It's an early Sunday morning in northern Ohio, a state I've never been before, and I crawl out of the box bed trying not to wake my three girlfriends. Although it's 7 am here, my body is fully aware that it operates on central time zone and tries to remind me that it's truly 6 am. But I needed to get up. I needed to eat breakfast.
After locating the modest continental breakfast, I make a plate of eggs and silver dollar waffles (Who know waffles came in silver dollars??), and a side of warm oatmeal, yogurt, and an almost too ripe banana. I take a few bites to get familiar with my plate and then crack open "Eat, Pray, Love," using my banana as a paperweight to keep the pages down as I scarf my meal.
A lady, whom has been there since I got off the elevator, greeting me with coffee in hand, turned to me and said "What a scholar." I looked up from my book to a bright smile and kind eyes.
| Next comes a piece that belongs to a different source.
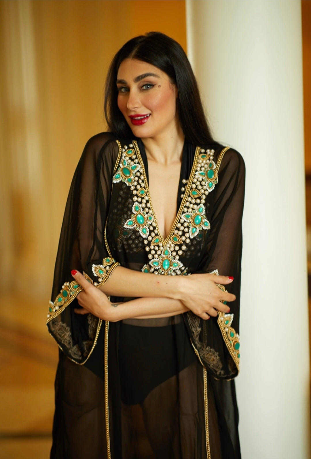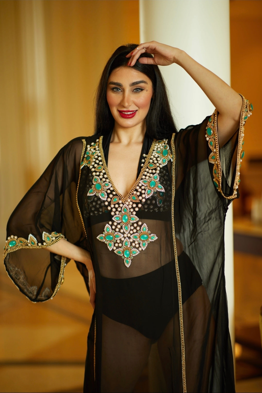 Hand beaded Long Kaftan in sheer viscose georgette fabric.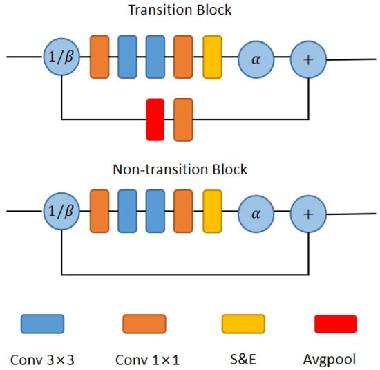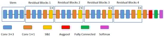 The NFNets were realized based on the SE-ResNeXt-D model with Gaussian error linear unit (GELU) activations here, and its structure is displayed in Figure 4. GELU activation layers were omitted between convolutional layers. The model starts with a stem, a set of plain convolutional layers without skip connections before the residual blocks. The stem comprises a 3 × 3 stride 2 convolution with 16 channels, two 3 × 3 stride 1 convolutions with 32 and 64 channels and a 3 × 3 stride 2 convolution with 128 channels. After the stem, the numbers of blocks for four “residual” stages are 1, 2, 6 and 3, respectively. In order to train deep ResNets without normalization, NFNet uses two scalers ( and , see Figure 5) to suppress the scale of the activations. The residual stages begin with a transition block, followed by standard non-transition blocks. The difference between transition and non-transition blocks is that transition blocks downsample with a 2 × 2 average pooling layer on the skip path and change the output channel count via a 1 × 1 shortcut convolutional layer. After these residual blocks, a 1 × 1 expansion convolutional layer is applied to double the channel count; then, global average pooling is adopted. The final layer is a fully connected classifier layer. The original fully connected layer outputs a 1000-way class vector. In our study, we replace the final layer with a layer that outputs a three-way class vector to match the sea ice types. At last, the fully connected layer outputs are softmaxed in order to obtain normalized class probabilities. All convolutions employ scaled weight standardization, whereas the squeeze-and-excitation layers and fully connected layers do not adopt it. The configuration of each layer is specified in Table 3.

Thank you, as I offered a smile just as warm. She then walked away to a corner to accompany her husband, leaving me alone with my book at the breakfast bar.
I seem to always do this; more times than not. Granted I don't go to hotels often because I don't travel often, I find a sense of peace and solitude to eat breakfast among strangers who don't know my story and I don't know their names. To get lost in a novel over sub-par breakfasts' while being completely aware of the mysterious presence of others.
I want to always be a guest. I want to always eat breakfast in cities not known, among people who become less than strangers after the first exchange of words.
I want to always be a guest to a city willing to host me. To invite me in with their coffeehouses and friendly travelers in hotel lobbies. To introduce me to their culture and art museums and bad habits.
I want to be anonymous but completely at home wherever I go. I long to be a guest in cities I may or may not see again.